A estratégia de contra-ataque da Ambev frente ao sucesso da Heineken

A cervejaria brasileira vem investindo intensamente para manter a liderança no mercado

Nesta última sexta-feira (25), a Ambev (ABEV3) apresentou ao público os resultados do último trimestre da empresa. E o que os números revelaram não foi tanto uma surpresa.

O lucro líquido da cervejaria brasileira caíram 11,6% no terceiro trimestre, levando em consideração a mesma época em 2018. Segundo a fabricante, seu volume diminuiu, mesmo após o acordo de distribuição com a Red Bull em junho deste ano.

Foto: Divulgação/Site/Ambev

O resultado é um reflexo de outra marca que, ultimamente, tem crescido com força no gosto dos brasileiros: a Heineken. Com foco na linha premium e puro malte, a holandesa tem cada vez mais investindo na expansão e modernização de suas cervejarias. Ainda na metade deste ano, a Heineken anunciou um aporte de R$550 milhões para injetar nas suas fábricas de Araraquara, Itu, Campos do Jordão e Jacareí.

Mesmo sendo a líder no país, a Ambev já delimitou estratégias para frear o boom de sucesso da concorrente. A companhia vai apostar na sua diversidade da sua carta de marcas – aquelas que são puro malte e premium. Bernardo Alves, presidente da Ambev afirmou estar confiante no rumo que está tomando com a cervejaria. “O jogo no mercado premium é de portfólio”, afirmou em entrevista à Exame.

Bilhões a menos

Com essa redução nos lucros, em dois dias, o preço das ações da Ambev reduziu consideravelmente. Foram 8% perdidos em 48 horas, ou seja, uma perda de 26 bilhões de reais. Entretanto, quando se fala em faturamento, a brasileira não deixou a desejar: o crescimento foi de 8%, o que representa 11,9 bilhões de reais.

Para enfrentar os resultados, a Ambev está confiando nas suas marcas de maior sucesso entre os consumidores. Beck’s, Bud, Colorado Lager, Corona e Stella Artois são os carros-chefe da cervejaria, que já afirmou que vai manter a Bud como a porta de entrada para as linhas premium.

Estratégia contrária

Na contramão da Ambev, a Heineken prefere apostar numa carta menor.
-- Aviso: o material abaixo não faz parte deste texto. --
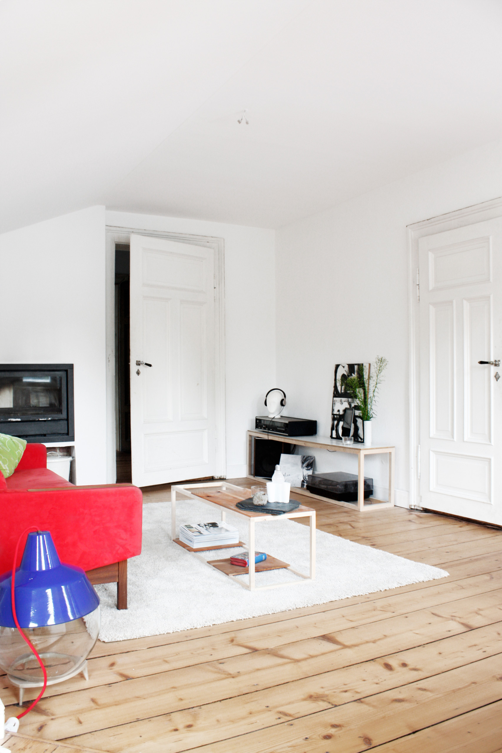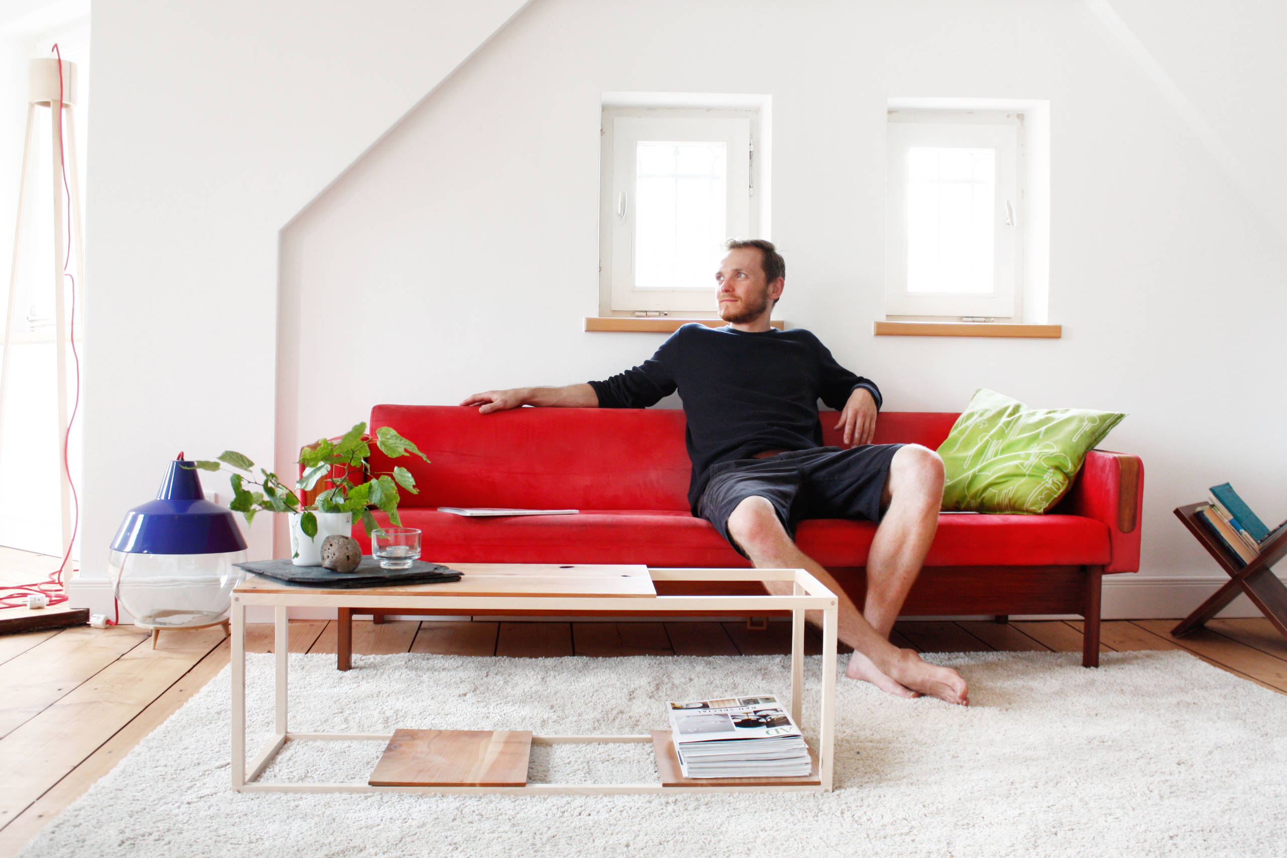So gelassen und lebensfroh wie sein Gemüt ist auch seine Wohnung: Neben eigenen Entwürfen trifft man überall auf spontane Möbelfunde – nicht anders im Wohnzimmer, das Dank des roten Mid-Century-Schlafsofas vom finnischen Produzenten OTKn Puu Osakayhtiö sprichwörtlich Feuer unterm Hintern hat. Vor dem peppigen Auktionsstück steht Königs Beistelltisch „Modular“. Das Möbel aus Kirsche und Ahorn zeigt sich minimalistisch verhalten, doch hält, was sein Name verspricht: Die Platten lassen sich flexibel austauschen – je nach Platzbedarf und Dekorationsvorlieben. Der Zeitungsständer neben der tiefen Couch ist übrigens ein Überbleibsel eines Auftragsentwurfs namens „Regalquadrat“; die blaue Kugellampe eine Eigenkreation von König, aus einer Industrieleuchte und dem altem Goldfischaquarium seiner Großmutter.

Recentemente, a holandesa anunciou o corte de seis das dez linhas da Eisenbahn – outra cerveja que tem caído no gosto dos brasileiros.

Esse corte faz parte da sua linha estratégica em todos os países em que opera, o que acaba sendo sua maior característica frente ao mercado cervejeiro. E ela tem se provado eficaz, pois os números não mentem.

Foto: Reprodução/Unsplash

Nos últimos anos, a Heineken vem caminhando numa onda de crescimento mundial, especialmente no Brasil. O consumidor brasileiro já se tornou o maioria (em números) do público global da marca, o que também justifica o tamanho da sua presença no mercado nacional. Atualmente, a Heineken obtêm 20% e pode chegar a 25% até 2023.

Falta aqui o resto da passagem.